Peter: Right. Maybe we could end with that, where are we going to get to by the end of the decade, shall we say, what’s your vision?

Matt: I think what’s amazing is that still 75+%, it’s hard to get perfect data on this, and I get various……I sound like a broken record, but at a simplistic level, 75+% of remittances are still sent not received, sent via physical patch locations and so that’s amazing. That’s because of trust of smart phones and not that local person in the community where you have that relationship, but that is shifting. It was accelerated by COVID, that I think is a bit of an inflection point around customers and the communities they live in, having a critical mass of other friends that they know that trust and use digital providers to send money back home.

And so, I think that where you will see the industry go and where we’ll be a big part of that is continue transformation to originate funds via digital devices. It’s hard to imagine that not being the case, it’s just a matter of what’s the timeline for that, but the great think about the position we’re in is the majority of remittances are still sent offline and that’s what we’re excited about changing.

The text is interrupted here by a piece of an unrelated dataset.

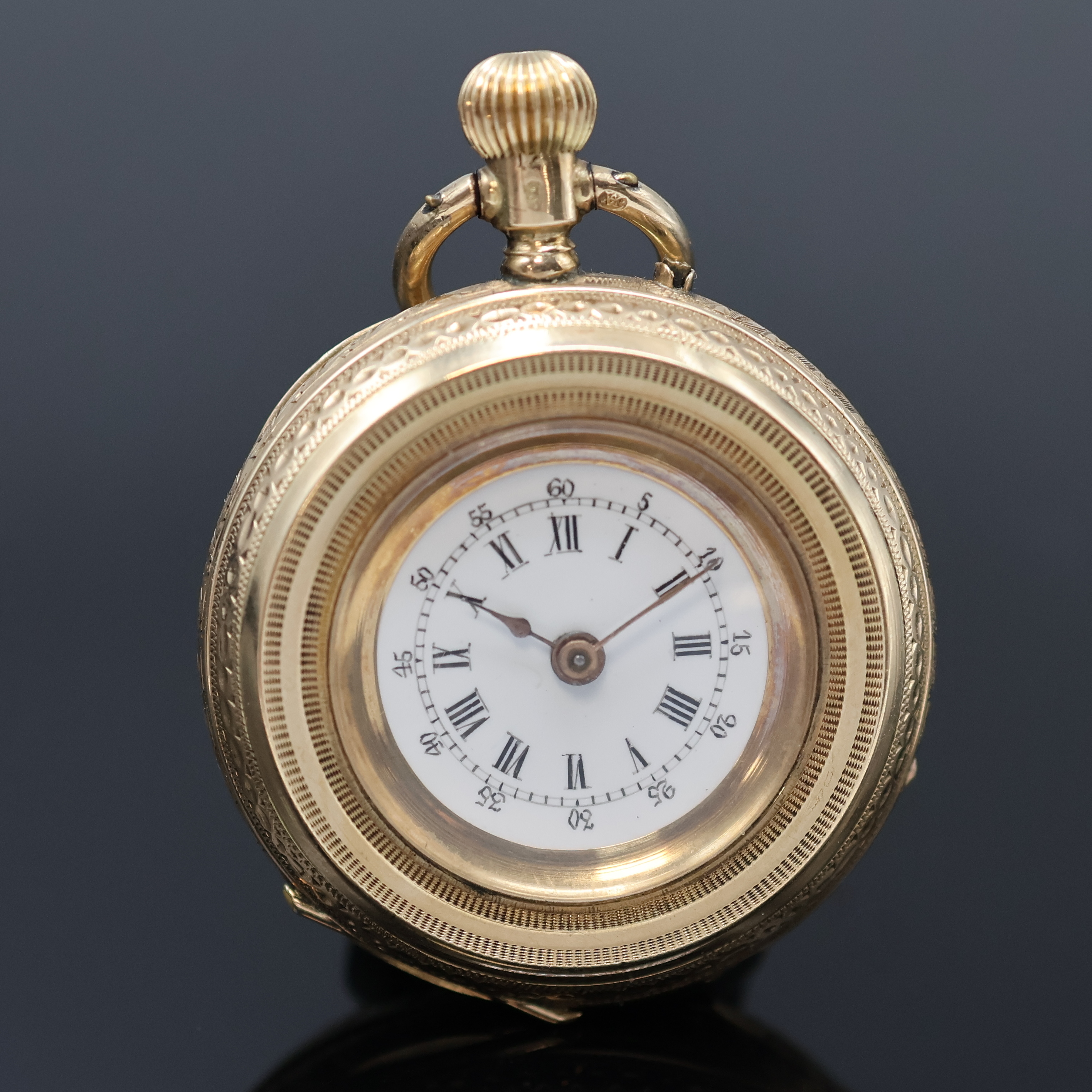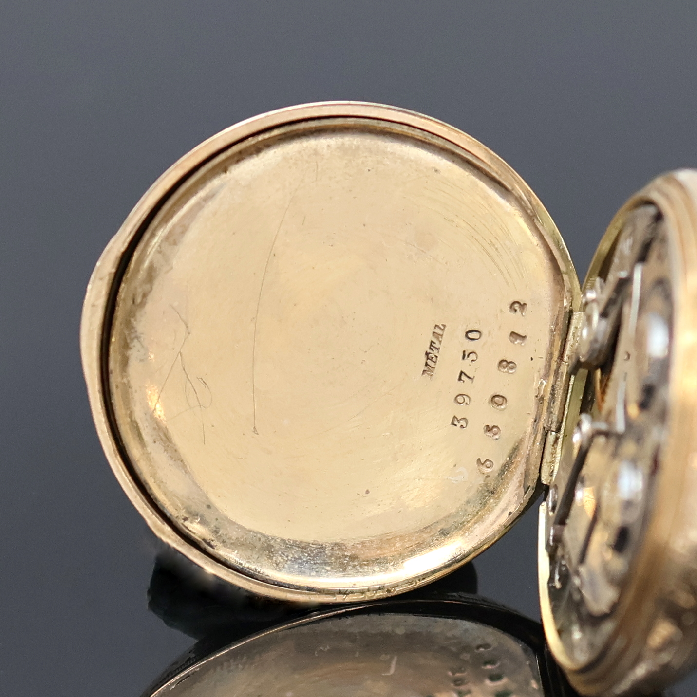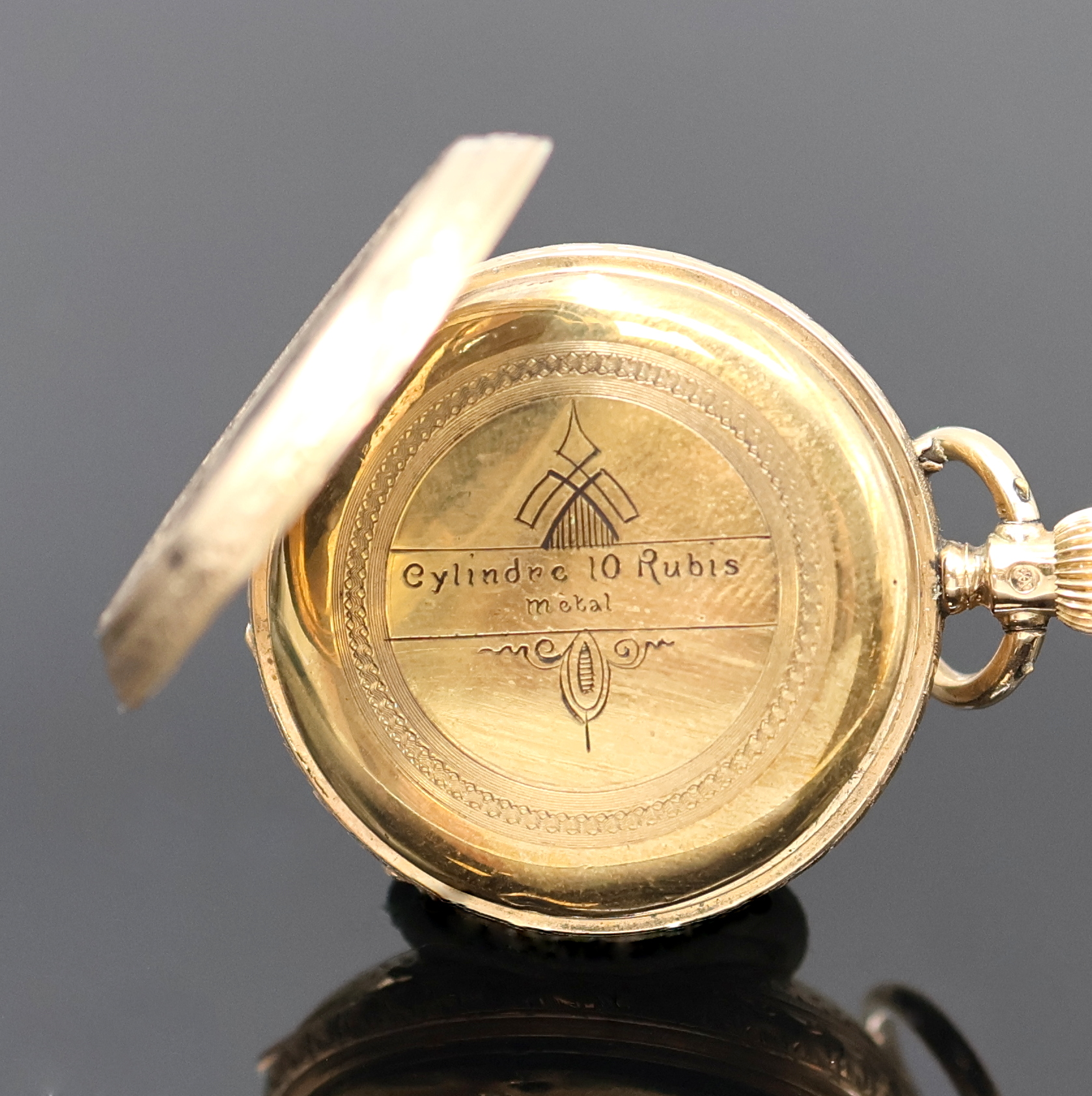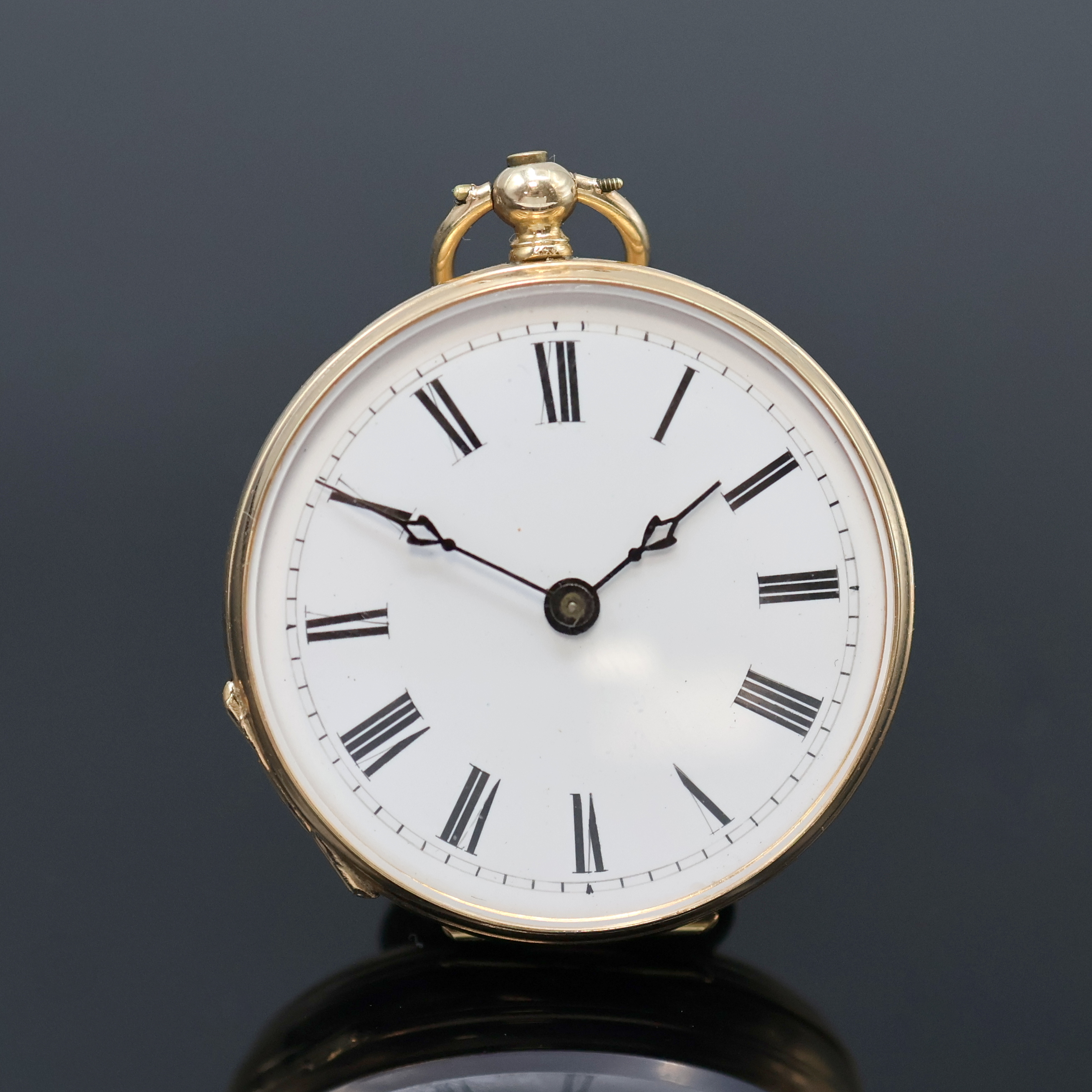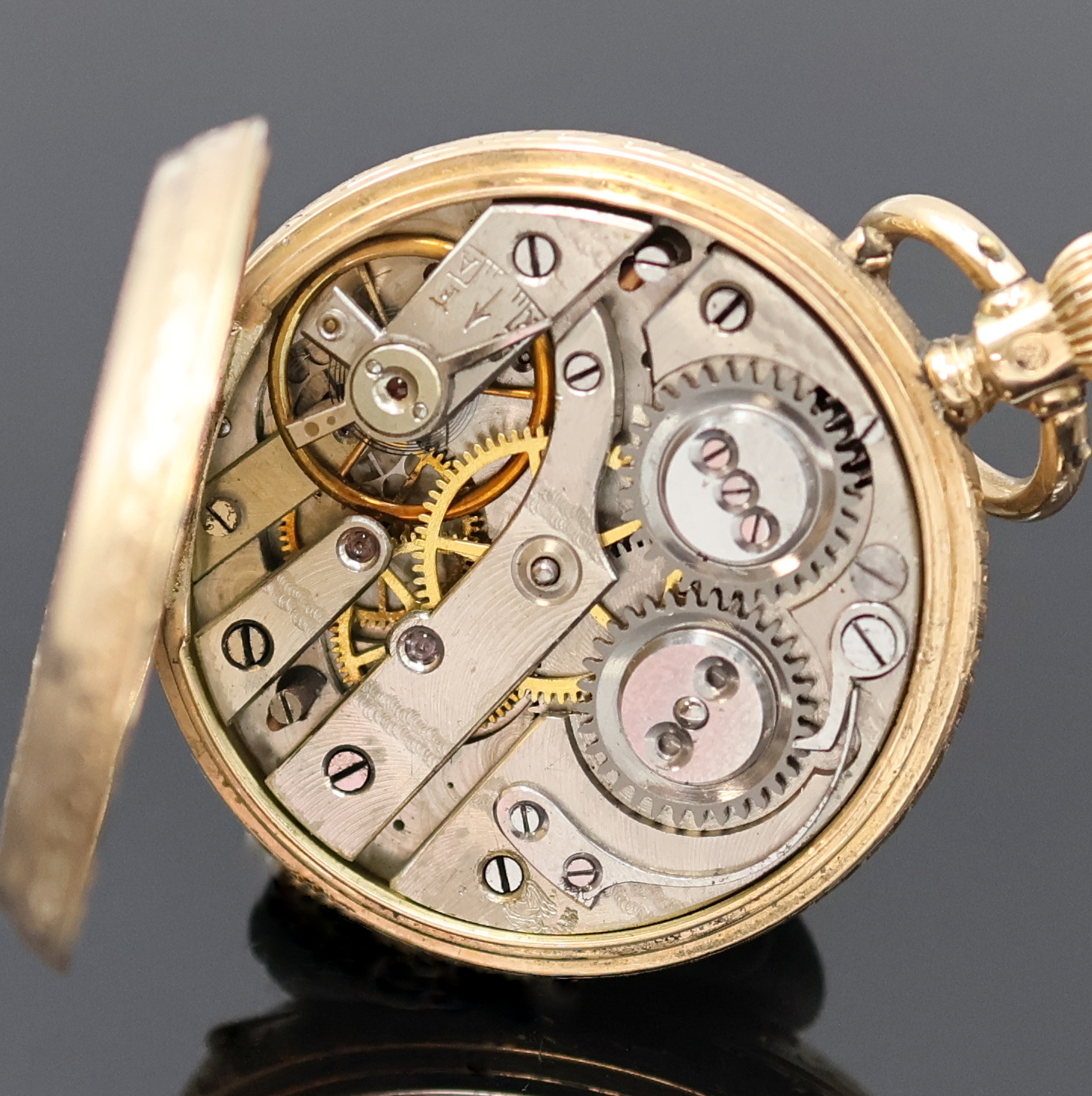 grav. Gehäuse dell., Monogrammspiegel, 1x emaill., Emailzifferblätter l. riss.,

Peter: Okay. We’ll have to leave it there, Matt, thank you very much for coming on the show, It’s a great service you’re providing and I think there’s obviously millions of people around the world who are being impacted so thanks again.

Matt: Thanks, Peter, great to see you.

Peter: As an immigrant myself, I have a soft spot for services that help immigrant populations. While I’m not probably the typical customer that Remitly is focused on, I know what it’s like to move to a country and not be able to access services as I said. I think there’s something about, when you move to a new country, the lifeline back home and I moved over here really before the Internet was established and it was, you know, obviously very challenging to maintain that connection.

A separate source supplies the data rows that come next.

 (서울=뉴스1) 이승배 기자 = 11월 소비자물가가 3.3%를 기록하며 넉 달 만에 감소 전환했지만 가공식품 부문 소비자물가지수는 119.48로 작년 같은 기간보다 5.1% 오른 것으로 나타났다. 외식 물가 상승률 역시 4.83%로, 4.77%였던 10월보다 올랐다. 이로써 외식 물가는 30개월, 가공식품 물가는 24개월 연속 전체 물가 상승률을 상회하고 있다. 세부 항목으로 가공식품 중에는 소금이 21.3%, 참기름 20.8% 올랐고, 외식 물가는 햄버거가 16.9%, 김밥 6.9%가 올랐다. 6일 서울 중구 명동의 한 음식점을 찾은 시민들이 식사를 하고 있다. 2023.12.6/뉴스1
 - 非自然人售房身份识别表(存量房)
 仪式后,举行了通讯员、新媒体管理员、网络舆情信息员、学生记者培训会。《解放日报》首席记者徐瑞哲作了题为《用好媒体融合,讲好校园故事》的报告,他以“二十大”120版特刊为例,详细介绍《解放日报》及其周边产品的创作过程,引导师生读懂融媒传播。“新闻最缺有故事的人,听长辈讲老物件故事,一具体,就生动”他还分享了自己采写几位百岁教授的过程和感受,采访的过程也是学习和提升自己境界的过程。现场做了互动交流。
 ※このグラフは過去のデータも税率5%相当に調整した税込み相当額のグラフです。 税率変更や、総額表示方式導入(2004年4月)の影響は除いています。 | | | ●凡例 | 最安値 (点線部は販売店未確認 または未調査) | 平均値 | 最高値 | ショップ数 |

Today, it’s a lot easier and I think what Remitly is doing is really helping those people in very real ways, helping them with, you know, getting money back to their families quickly, cheaply and easily, I think that’s such an important piece. You know, we do live in a world where a lot of people move around and I feel like anything that can sort of help take the cost out, increase the speed is just really helpful for global economic growth.